Data excerpts
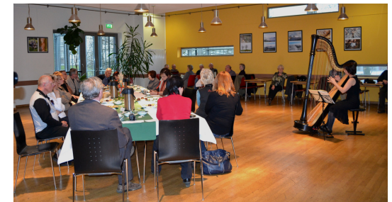
Eröffnung der Photoausstellung in Chemnitz
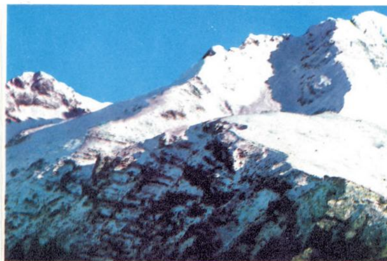
A cura dell'Associazione PRO-LOCO.
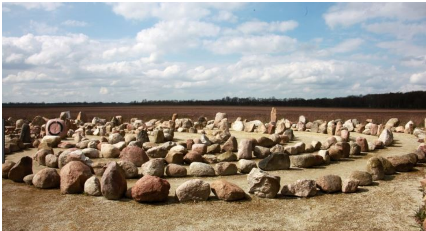
Monument en kunstwerk Gebroken Cirkel

Onderweg zie je met eigen ogen hoe Stichting Het Drentse Landschap haar best doet voor de natuur en voor het Drentse cultureel erfgoed. Natuur en erfgoed zijn ook úw aandacht meer dan waard! Steun ons... Dat kan op verschillende manieren. Kijk voor meer informatie op www.drentslandschap.nl .
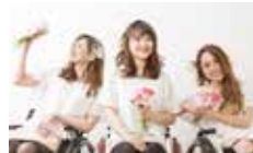
司 会 BEYOND GIRLS

千葉市の5つのビーチの魅力を発信する 5BEACH観光PR大使「幕張の浜」担当。
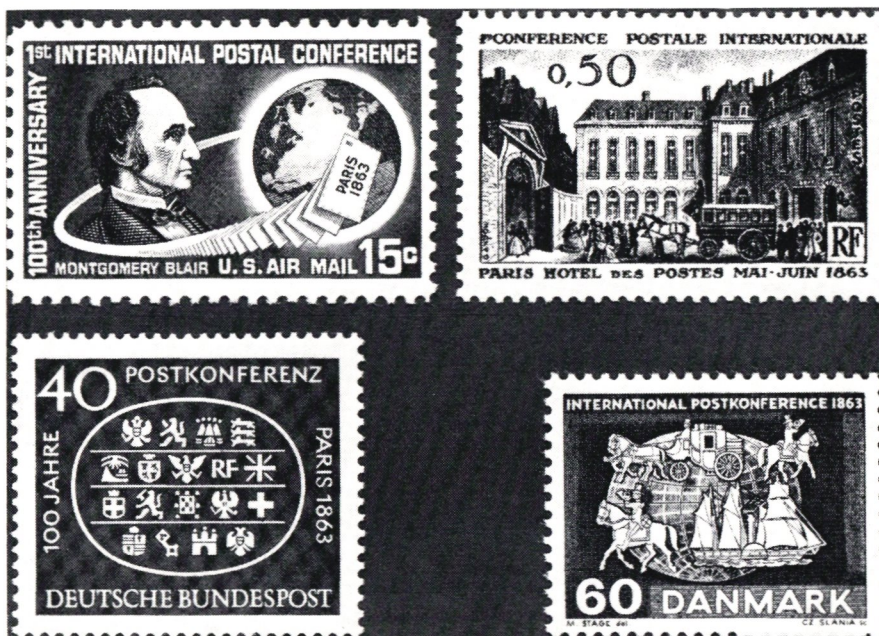
Postkonferensen i Paris 1863 hölls på initiativ av USA:s generalpostdirektör Montgomery Blair (USA 1963), i Hotel des Postes (Frankrike 1963). BRD visade vid 100-årsjubileet deltagarstaternas emblem och Danmarks minnesmärke illustrerar 1860-talets transportmedel.
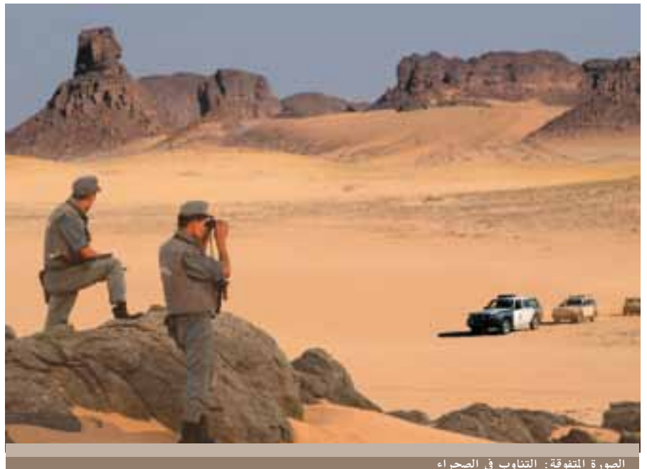
الصورة المتفوقة: التناوب في الصحراء

و تجدر الإشارة إلى أن أعضاء منظمة الجمارك العالمية بلغ عددها 177 بلدا عضوا.
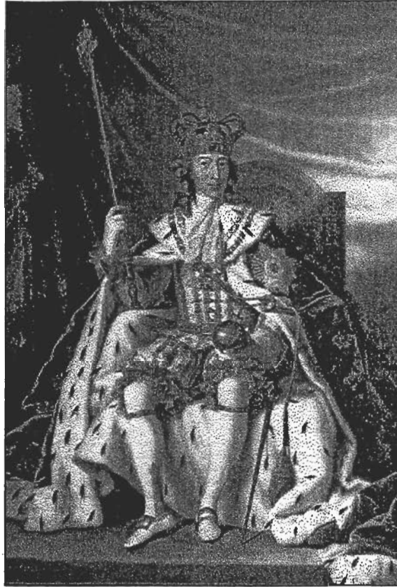
En konge på sin trone med kronen, scepteret og rigsæblet
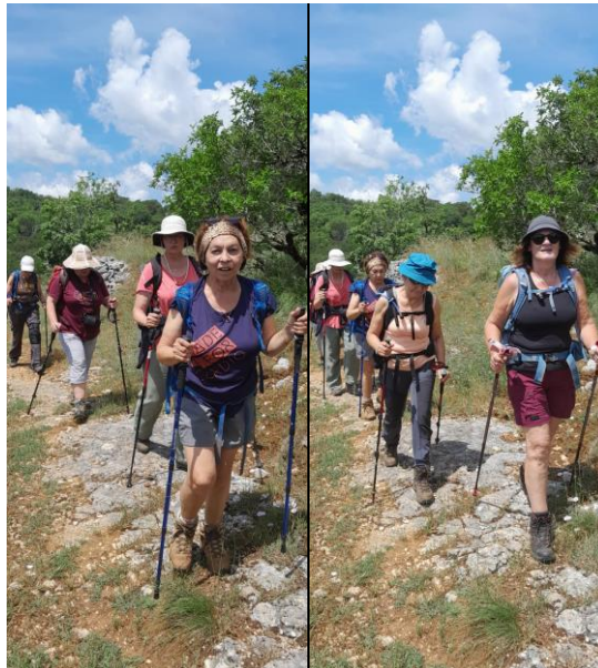
L'avant-garde des Cajaristes....

On prend le petit déjeuner, on récupère nos pique-nique et répartis en deux groupes, nous allons soit vers Cajarc, soit vers Assier.
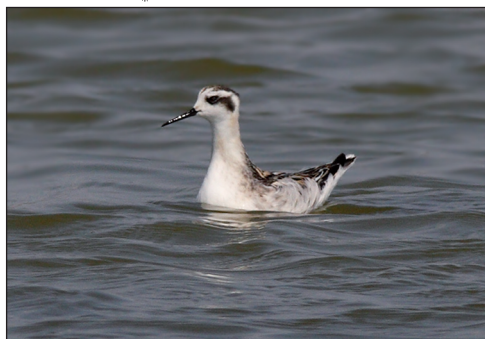
Фото 4. Круглодзьобий плавунець. Пересип Тилігульського лиману. 25.08.2009 р. Photo 4. A Red-necked Phalarope at the Tiligul Liman.

Лагері Цюрупинського району Херсонської області.
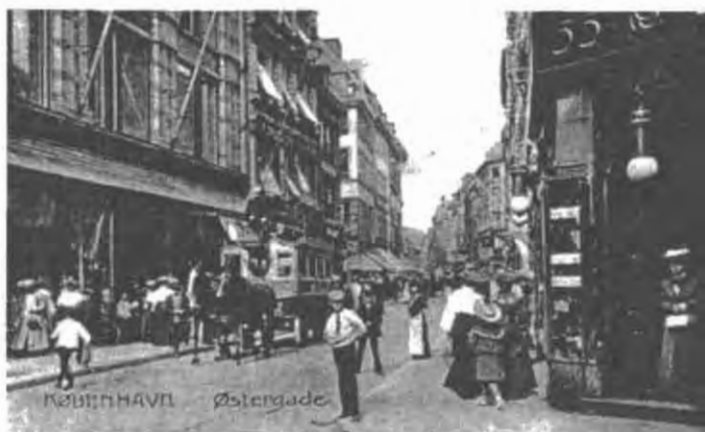
Карусель и проходной двор для людей, денег и товаров: торговый центр фирменной империи Гельфанда на Остергаде, главной деловой улице Копенгагена.
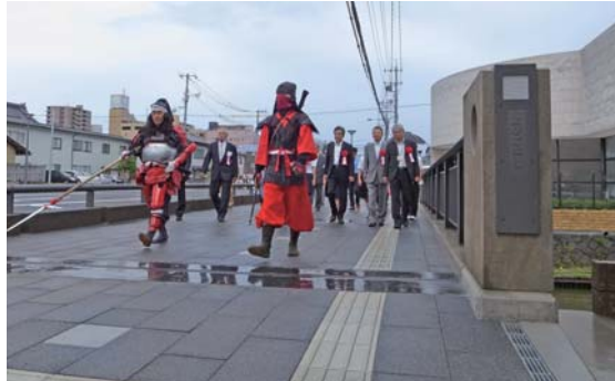
渡り初め。この頃には雨が上がり、出席者の皆さんで完成した供用区間の記念の第一歩を踏み出しました。

は、雲州すいえん隊の掛け声で参加者の皆さんは記念の一步を踏み出し、新しい橋と歩道を歩き開通区間の供用を祝いました。
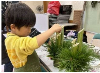
親子で作るミニ門松 12月23日開催 24人参加
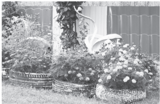
Упоровские пенсионеры украшают свои приусадебные участки.
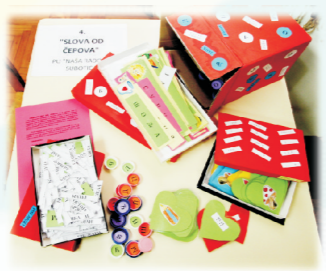
4. „SLOVA OD ČEPOVA” - DID. SREDSTVO 6-7 GOD. PU „NAŠA RADOST” SUBOTICA Snežana Jocić - vaspitač
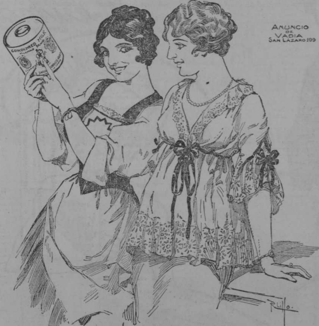
ANUNCIO DE VIDA SAN LAZARO 199

Mi retrato está en todas las latas de Leche Lechera. LECHERA, es la marca de leche que prefieren las madres de familia porque es el mejor alimento para sus hijos; los engorda, hace fuertes, saludables y felices.
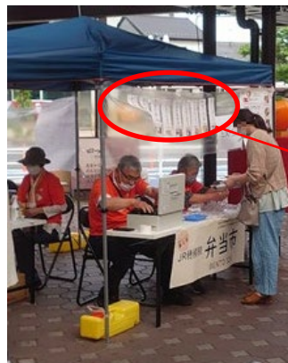
メニュー表設置のイメージ
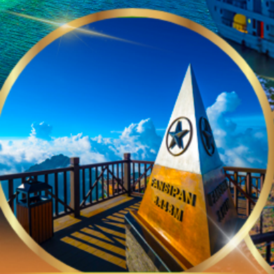
ยอดเขาฟานซีปัน

พักโรงแรม ★★★★★ GRAND SILK PATH SAPA HOTEL 2 คืน ROYAL CASINO HALONG HOTEL 1 คืน
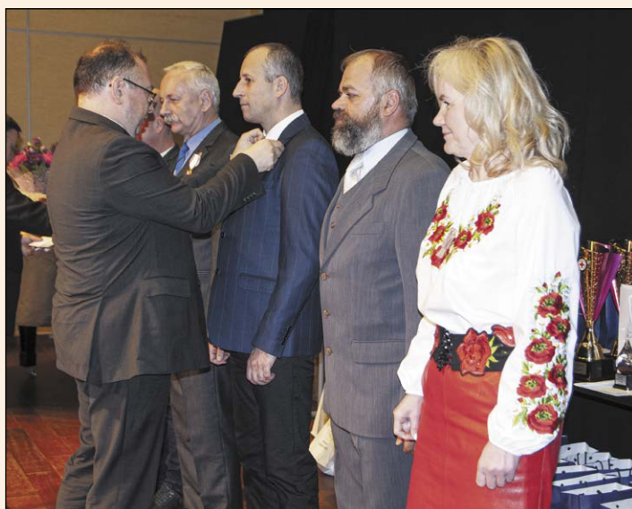
Najbardziej zasłużeni krwiodawcy z terenu powiatu zostali wyróżnieni podczas gali z okazji Dni Honorowego Krwiodawstwa

Listopad upłynął pod znakiem wydarzeń związanych z honorowym krwiodawstwem oraz obchodami setnej rocznicy powstania Polskiego Czerwonego Krzyża.
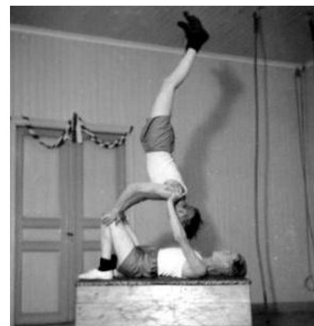
Duktiga gymnaster från Mästerby Golf
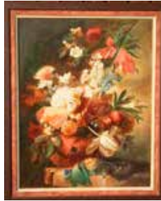
Blumenstrauss, 83x66 cm
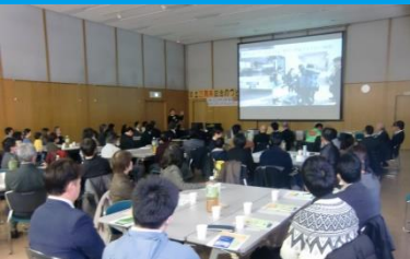
災害・防災講演会
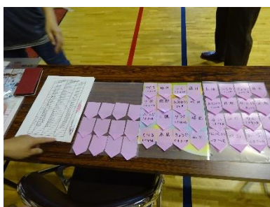
[受付 (名簿/名札シール)] [会場 (マット/おもちゃ/壁飾り)]
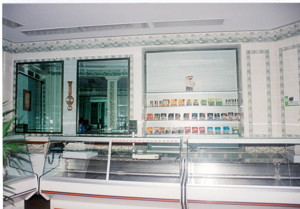
31, 32, 33 Wnętrze sklepu mięsnego na parterze.
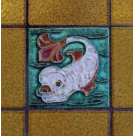
Detail van de schouw in de studiezaal (voormalige bestuurszaal) van het SNS Historisch Centrum. De tegel met de afbeelding van een vis is vervaardigd bij de Porceleyne Fles te Delft.
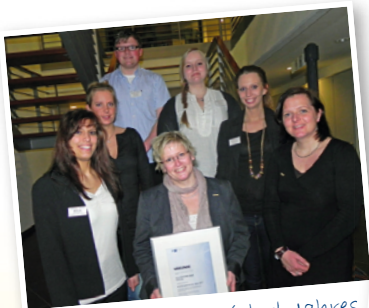
Ausbildungsbetrieb d. Jahres Flensburg, 2012
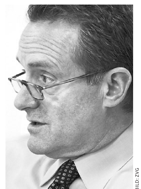
Howard Marks: «Gold ist eine Religion. Eine intelligente Investition ist nicht möglich.»

Ein ambivalentes Verhältnis hat Marks zu Gold. Steht das Edelmetall in einer Blase? «Gold hat keinen fairen Preis, weil es keinen Cashflow abwirft. Es kann aus Sicht eines Investors nicht analysiert werden.» Gold sei im Grunde genommen eine Religion. Man glaube daran oder man glaube nicht daran. Gold diene als Wertaufbewahrungsmittel und als Inflationsschutz. Dafür gebe es keine intellektuell greifbare Begründung, meint Marks, aber diese Attribute hätten sich als allgemein anerkannt etabliert. «Bloss: Diese Rolle, so glauben die Gläubigen, nimmt Gold heute zu einem Preis von 1300 $ je Unze wahr. Was ist, wenn der Preis auf 3000 $ steigt?
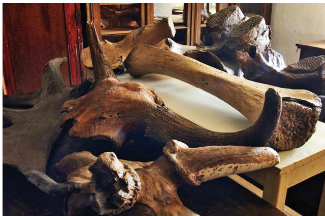
Sl. 1 Fosili ledenog doba (Zbirka fosilnih kralježnjaka)

U Muzeju Slavonije prirodoslovni primjerci prikupljeni gotovo od samog osnutka Muzeja 1 važni su primarni izvori iz kojih možemo iščitati povijest razvoja kolekcionarstva i prirodoslovlja na području Slavonije i Hrvatske, priču o taksonomskoj znanosti i neiscrpoj ljudskoj želji za razumijevanjem života na Zemlji. U Prirodoslovnom odjelu Muzeja 2 čuvaju se neprocjenjive zbirke prirodnina u kojima su sabrani predmeti čije veličine variraju od nekoliko mikrona veličine muzejskih štetnika do kostiju mamuta, uključujući sisavce, ptice, gmazove, biljke i kukce te zbirke jedinstvenih fosila i minerala.
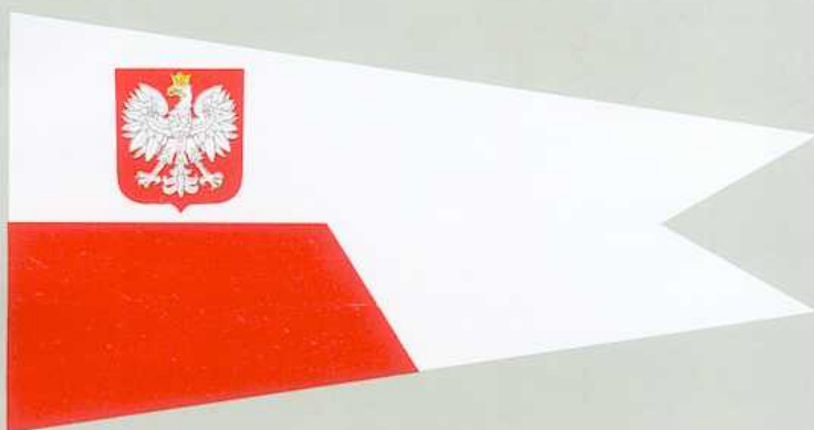
PROPORCZYK DOWÓDCY FLOTYLI
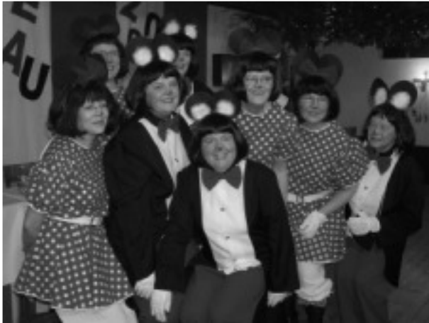
"Der Elferrat der Weiberfastnacht"

Ganze Gruppen kleiden sich gemeinsam an und entsprechend ist auch die Stimmung. Sie machen jedes Jahr den Weiberkarneval zu dem, was er jetzt ist!
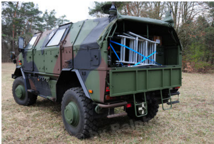
Dingo 2 GE A3 SysInstFw (9).JPG
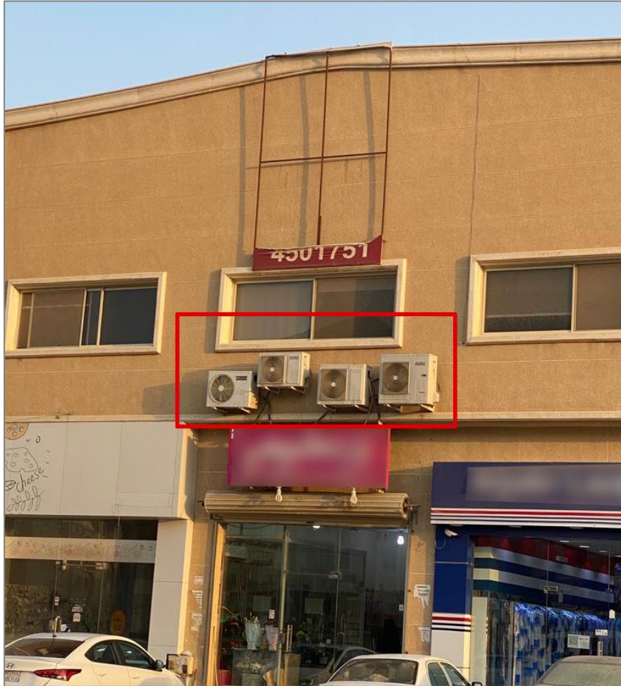
شكل (3): وحدات تكييف منفصلة (مخالفة) في واجهة المبنى
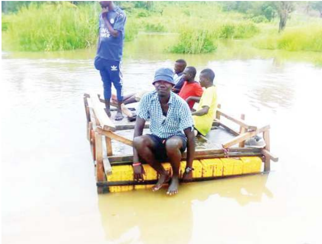
Boti linalowavusha wakazi wa Tambani Mkuranga.

“Watu walihamia wengi, wamejenga maduka makubwa ya biashara, lakini tokea mvua iharibu miundombinu, baadhi ya wafanyabiashara wamefunga maduka yao.”
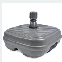
Podstawa plastikowa 45l (dla 1.8m KWADRAT)
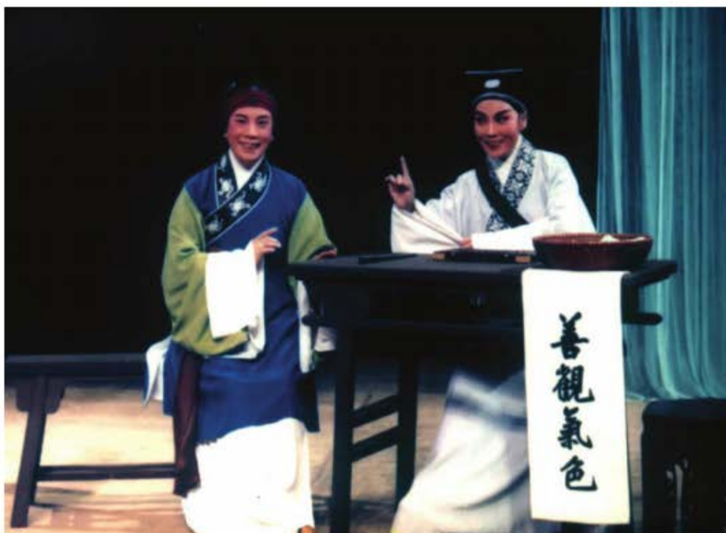
Việt kịch "Hà Văn Tú" màn "Toán mệnh".

Tết xuân năm 1938, Diêu Thủy Quyên (1919 - 1976) dẫn gánh hát Việt kịch do toàn bộ diễn viên nữ lập nên đến Thượng Hải, viết lên một chương mới quan trọng nhất trong lịch sử Việt kịch. Diêu Thủy Quyên tuy là diễn viên nữ, nhưng bà thường hóa trang thành các vai diễn nam. Vào thời đại mà bà lớn lên, các gánh hát Việt kịch toàn bộ là nữ được phát triển mạnh mẽ thành phong trào, đồng thời cũng hình thành phong cách mỹ học độc đáo. Nữ tử Việt kịch đột nhiên có được lực lượng quần chúng lớn ở vùng Giang Chiết Hộ, lớp chính quy đào tạo diễn viên nữ Việt kịch cũng tăng nhanh chóng. Nhạc và lời nữ tử Việt kịch mềm mại uyển chuyển, chứa chan ai oán và bi tình. Nó vừa ảnh hưởng đến thói quen của thị dân Thượng Hải, đồng thời vừa giữ được nét thuần khiết có nguồn gốc vùng nông thôn miền núi, gìn giữ phong cách diễn xướng thanh tân tú lệ của xướng thư dân gian. Việt kịch kế thừa các tác phẩm mà dân gian tích lũy từ trước, vừa có thể dung nạp nhanh để tài bình dân đô thị, vì thế nó thích hợp với khẩu vị của người xem ở Thượng Hải đến từ nhiều vùng khác nhau, đồng thời dần dần thay đổi phong cách, nâng cao nội hàm nghệ thuật theo yêu cầu của lớp thị dân mới trong thành phố.
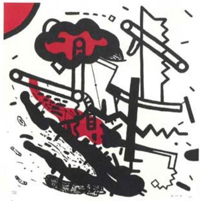
The Paris Suite IX , 2007, Lithographie sur BFK Rives H 54 x L 54 cm, Item éditions, Paris © David Lynch
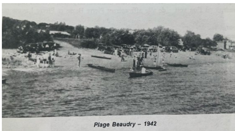
Plage Beaudry - 1942
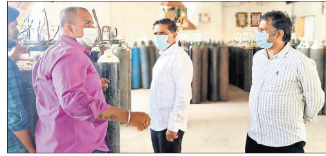
ଜିଲ୍ଲାପାଳ ଅନୁଧ୍ୟାନ କରୁଛନ୍ତି । ବ୍ରହ୍ମପୁର ଅଫିସ୍/ଇନ୍ଦ୍ରପୁର, ୨୫୪ (ଡି.ଏନ୍.ଏ.)
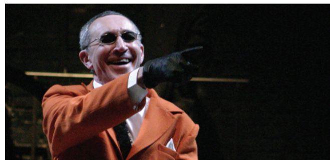
Поздравляем заслуженного артиста России Владимира Лемешонка с днем рождения! 27 февраля он отмечает 55-летие.

Персонажи этого веселого музыкального спектакля влюблены. Причем все до единого. Хитросплетения их любовного семиугольника сдобрены куплетами, ариями и дуэтами, сочиненными замечательным Юлием Кимом. Премьера состоится 27 февраля на малой сцене «Красного факела».
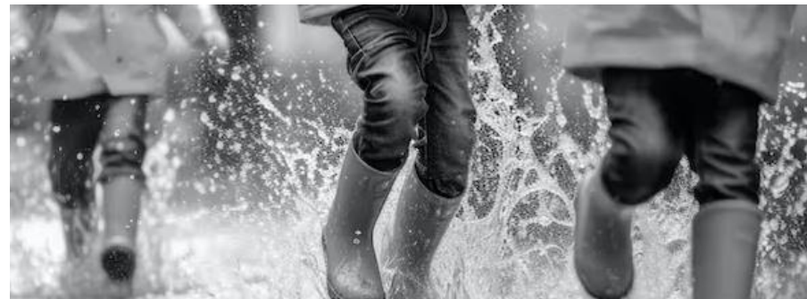
Elementar 1 oder 2
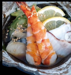
魚介の酢の物 12,50€ Gyokai Sunomono (Verschiedene Meeresfrüchte in Essigmarinade)
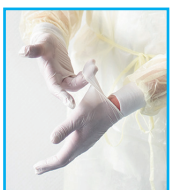
Handschuhe auf links ausziehen
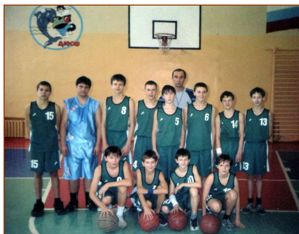
Отделение баскетбола (2000-2016 гг.)
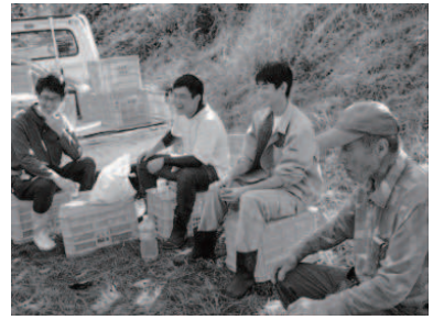
就労体験活動での語り

おかげさまで、実りの多い開校1年目にすることができました。今後も西吉野農業高校をよろしく願います。
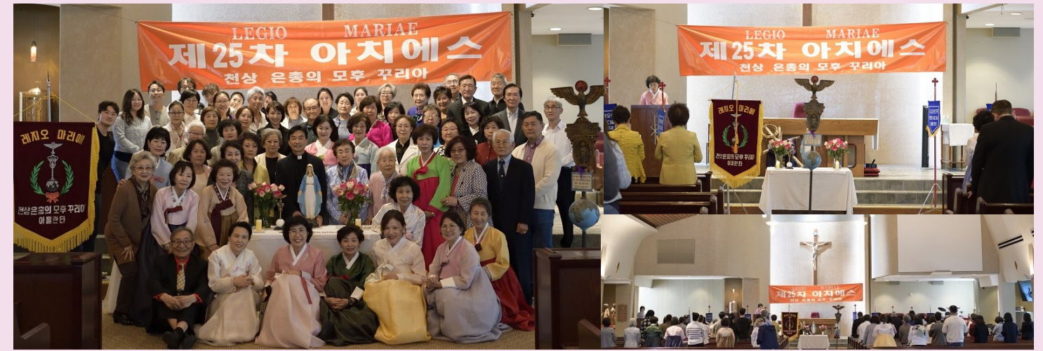
레지오 마리에 아치에스 3월 23일 (일)

> _Work task_: Taking the entries above, copy word for word the lines from the one with "31, 32, 33 Wnętrze" up to and including the one with "Ausbildungsbetrieb d. Jahres Flensburg, 2012", without any picture.

> _Answer space_:
31, 32, 33 Wnętrze sklepu mięsnego na parterze.
Detail van de schouw in de studiezaal (voormalige bestuurszaal) van het SNS Historisch Centrum. De tegel met de afbeelding van een vis is vervaardigd bij de Porceleyne Fles te Delft.
Ausbildungsbetrieb d. Jahres Flensburg, 2012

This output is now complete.